WORK ORDER:
Only the lines from the one with "Plusieurs itinéraires pédestres" through the end of the material are wanted, copied exactly and with the pictures left out.

SUPPLIED RECORDS:
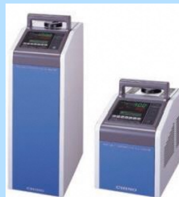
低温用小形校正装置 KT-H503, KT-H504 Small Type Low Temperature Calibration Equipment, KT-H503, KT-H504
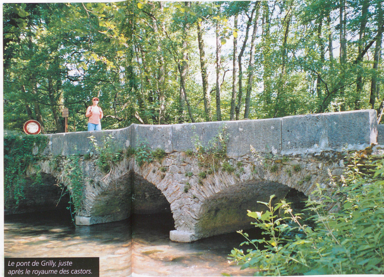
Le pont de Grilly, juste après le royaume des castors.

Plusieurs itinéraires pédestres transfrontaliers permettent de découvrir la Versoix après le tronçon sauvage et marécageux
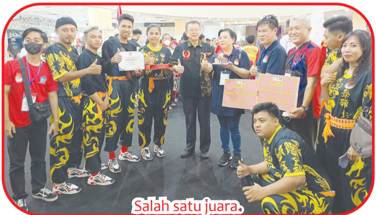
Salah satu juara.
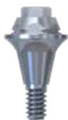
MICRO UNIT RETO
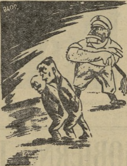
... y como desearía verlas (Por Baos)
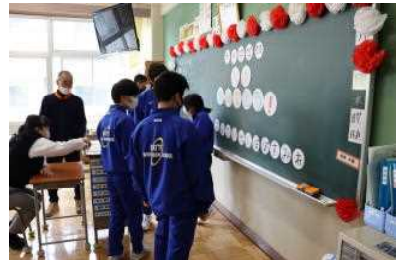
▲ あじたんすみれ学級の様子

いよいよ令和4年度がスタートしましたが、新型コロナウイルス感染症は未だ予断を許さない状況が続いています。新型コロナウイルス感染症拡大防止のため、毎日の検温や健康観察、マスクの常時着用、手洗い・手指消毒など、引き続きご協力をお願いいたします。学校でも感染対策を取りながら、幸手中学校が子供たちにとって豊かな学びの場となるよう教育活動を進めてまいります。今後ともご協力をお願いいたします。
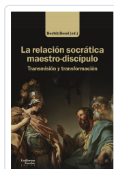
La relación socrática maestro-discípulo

WRITTEN ANSWER:
Plusieurs itinéraires pédestres transfrontaliers permettent de découvrir la Versoix après le tronçon sauvage et marécageux
Salah satu juara.
MICRO UNIT RETO
... y como desearía verlas (Por Baos)
▲ あじたんすみれ学級の様子

いよいよ令和4年度がスタートしましたが、新型コロナウイルス感染症は未だ予断を許さない状況が続いています。新型コロナウイルス感染症拡大防止のため、毎日の検温や健康観察、マスクの常時着用、手洗い・手指消毒など、引き続きご協力をお願いいたします。学校でも感染対策を取りながら、幸手中学校が子供たちにとって豊かな学びの場となるよう教育活動を進めてまいります。今後ともご協力をお願いいたします。
La relación socrática maestro-discípulo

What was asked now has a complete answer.